New Study Results from Transfusion
A January 20, 2006 Transfusion (on-line edition) publication described the findings from an observational study of 898 patients (449 treated with Trasylol) undergoing CABG with cardiopulmonary bypass at a single center. Baseline and outcome data were obtained from a prospectively developed database for these patients. Patients received either Trasylol or tranexamic acid. Patients were not randomized to these treatments. Instead, the choice of study drug was at physician discretion. The 898 patients studied were a subset of a larger group of 10,870 patients selected on the basis of propensity scores to adjust for imbalances in measured baseline characteristics. Major findings from the Transfusion publication were:
- In general, the measured baseline characteristics were similar between the two patient groups in the study.

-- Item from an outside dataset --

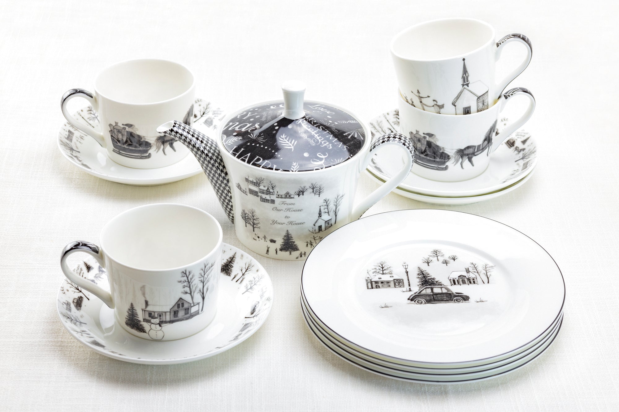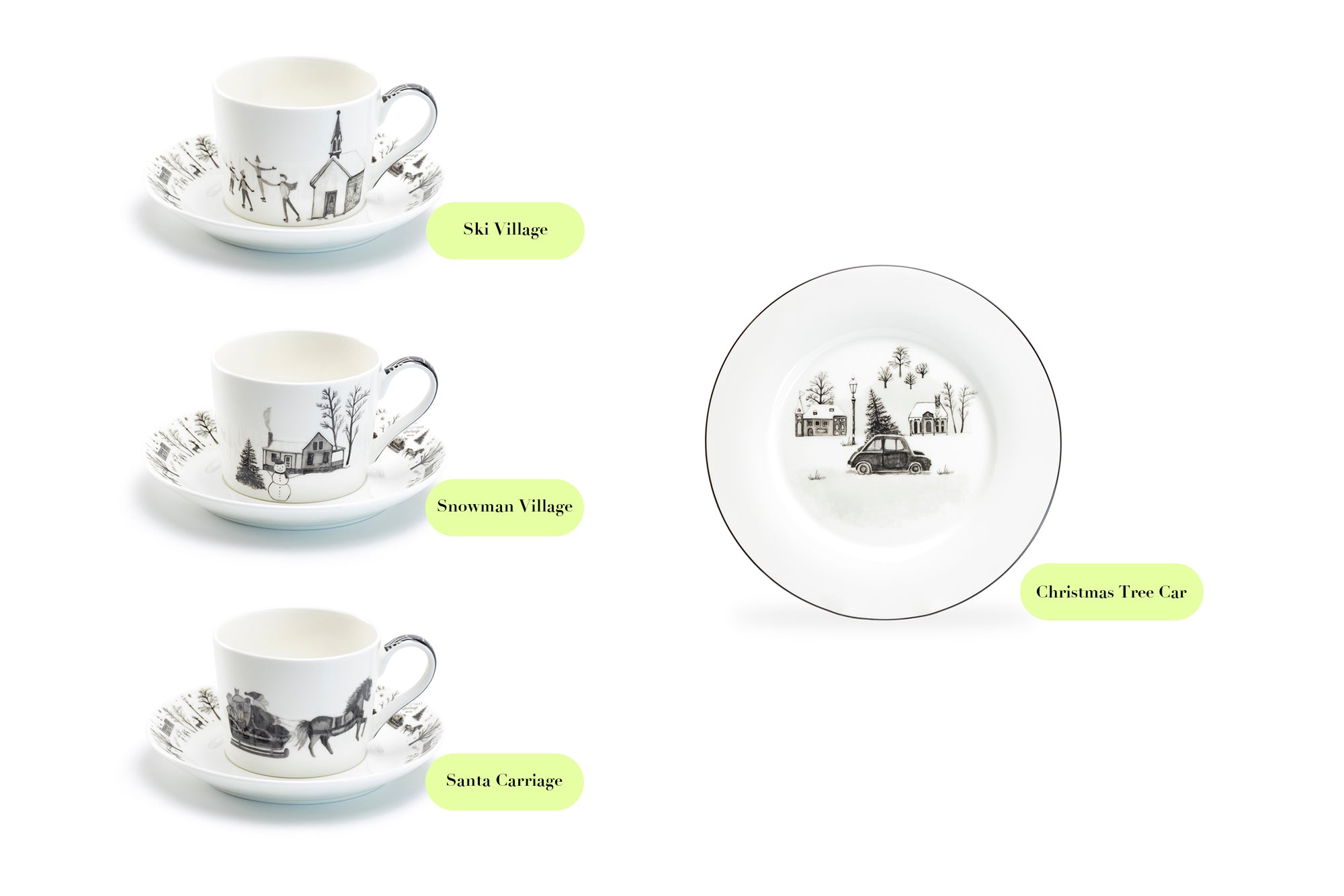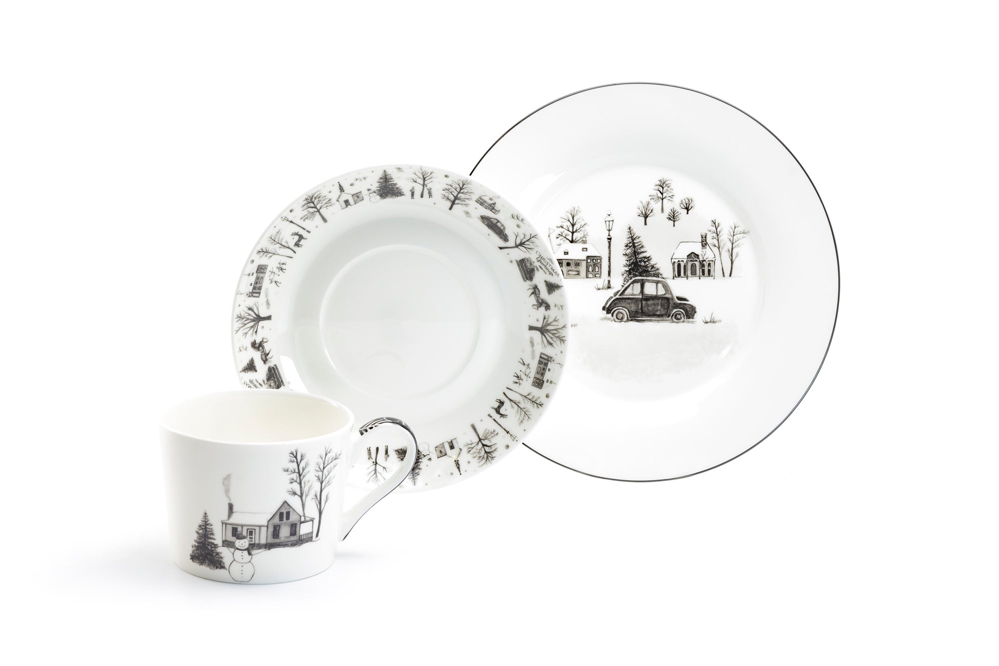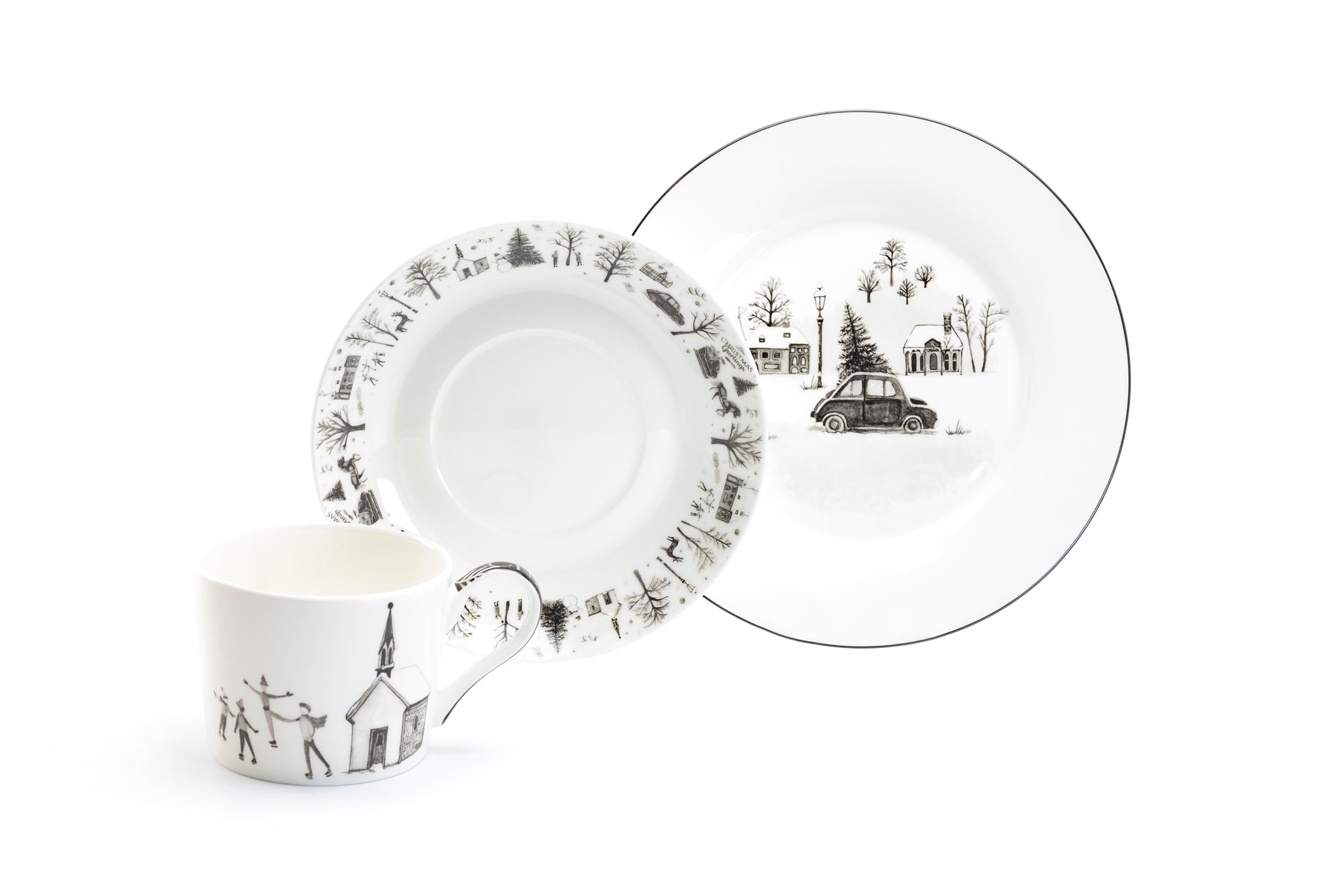 • 7.5" Winter Wonderland Christmas Tree Car Bone China Dessert Plate

- The rate of renal dysfunction was higher among patients receiving Trasylol than among patients receiving tranexamic acid. The association between Trasylol and renal dysfunction was especially evident in patients with existing renal dysfunction.
- The rates of other adverse events were similar between the two study groups.
- The rate of red blood cell transfusion was similar for the two patient groups.
The premarketing clinical studies supporting Trasylol safety and efficacy enrolled a total of approximately 3,000 patients (2,002 treated with Trasylol). The studies, including six placebo-controlled trails, consistently showed that Trasylol decreased peri-operative blood loss and the need for blood transfusion. The risks for serious renal and cardiovascular adverse events and deaths were similar between patients receiving Trasylol and those receiving placebo. One study of approximately 800 subjects showed that patients receiving Trasylol had higher rates of coronary graft occlusion than patients receiving a placebo; however, this altered coronary patency was not associated with differences in myocardial infarction and mortality risk between the two study groups. The major pre-market safety signal was a risk for anaphylaxis, especially among subjects re-exposed to Trasylol. The Trasylol label carries a black box warning relating to anaphylaxis.
Post-marketing Spontaneous Reports
Two hundred ninety-one cases of hypersensitivity possibly associated with Trasylol, including 52 cases with fatal outcomes, have been reported to Bayer. A test dose was administered in 139 of the 291 cases. A hypersensitivity reaction occurred with the test dose alone in 81 cases, including 19 fatal cases. Additionally, the test dose did not illicit a reaction among 38 cases (9 fatal) of anaphylaxis that occurred with a therapeutic dose.
The FDA will work with the authors of the reports and the manufacturer of Trasylol to evaluate the risks and benefits associated with use of Trasylol among patients undergoing cardiopulmonary bypass for CABG surgery. The FDA will notify health care providers and patients in a timely fashion as new information becomes available. Physicians should carefully monitor patients for the occurrence of toxicity and promptly report toxicity to Bayer, the Trasylol manufacturer, or to the FDA MedWatch program.